Pictures excluded, retype the lines from the one containing "Na wyposażeniu sali" through the last line of the data below, both included.

**** DATA SECTION ****

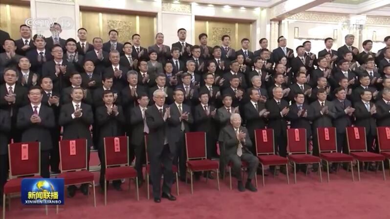 人民大會(huì)堂北大廳氣氛喜慶熱烈。上午10時(shí)許,習(xí)近平等黨和國(guó)家領(lǐng)導(dǎo)同志步入會(huì)場(chǎng),向參研參試人員代表?yè)]手致意,全場(chǎng)響起經(jīng)久不息的掌聲。習(xí)近平同孫家棟、欒恩杰等親切交流,并同大家合影留念。
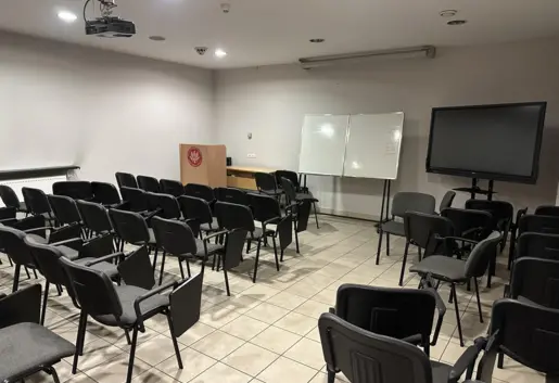 Na wyposażeniu sali jest nagłośnienie, internet wi-fi, projektor, tablica.
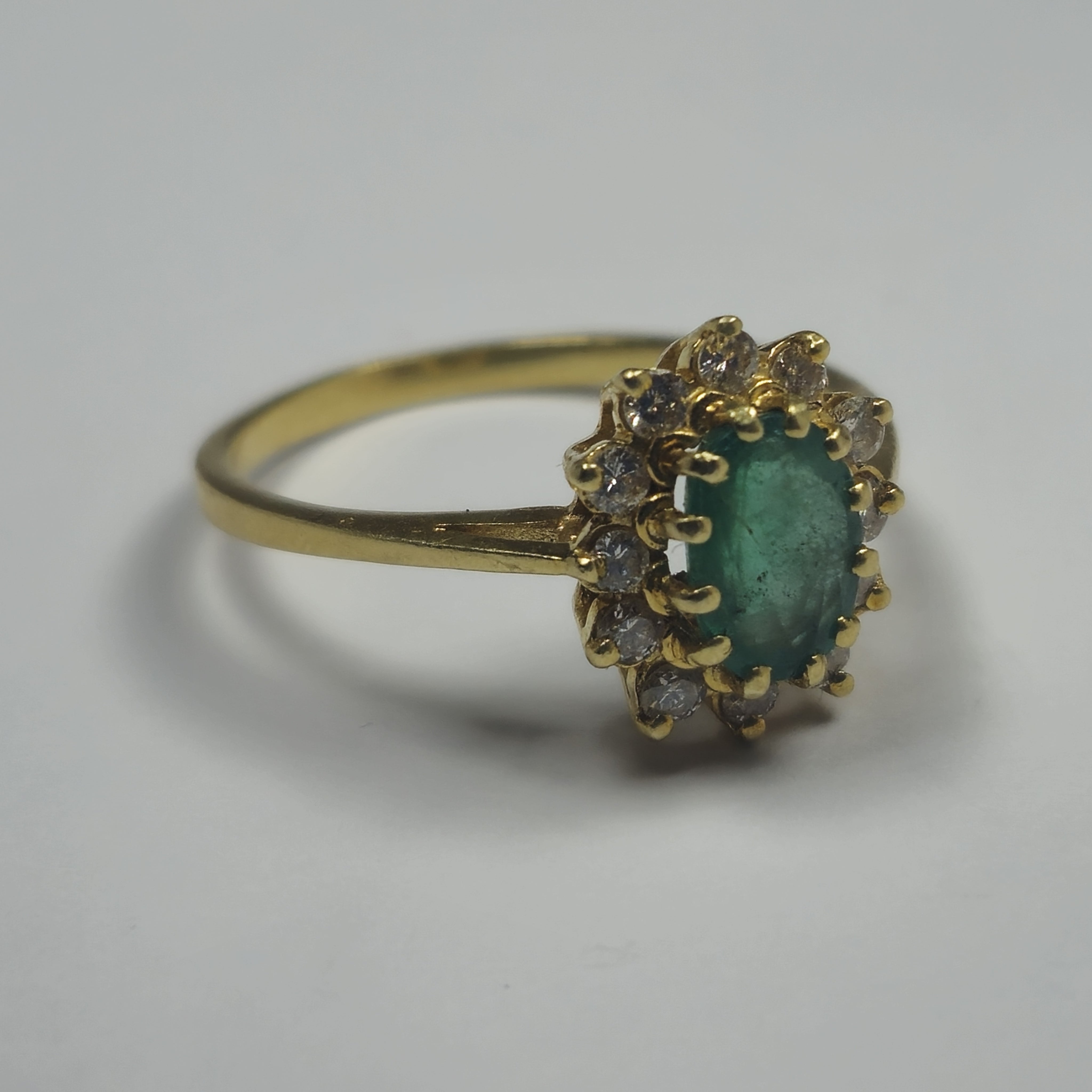 Bague Marguerite avec pierre verte et diamants 0,01 ct

****

→ **SOLVED EXERCISE**
 Na wyposażeniu sali jest nagłośnienie, internet wi-fi, projektor, tablica.
 Bague Marguerite avec pierre verte et diamants 0,01 ct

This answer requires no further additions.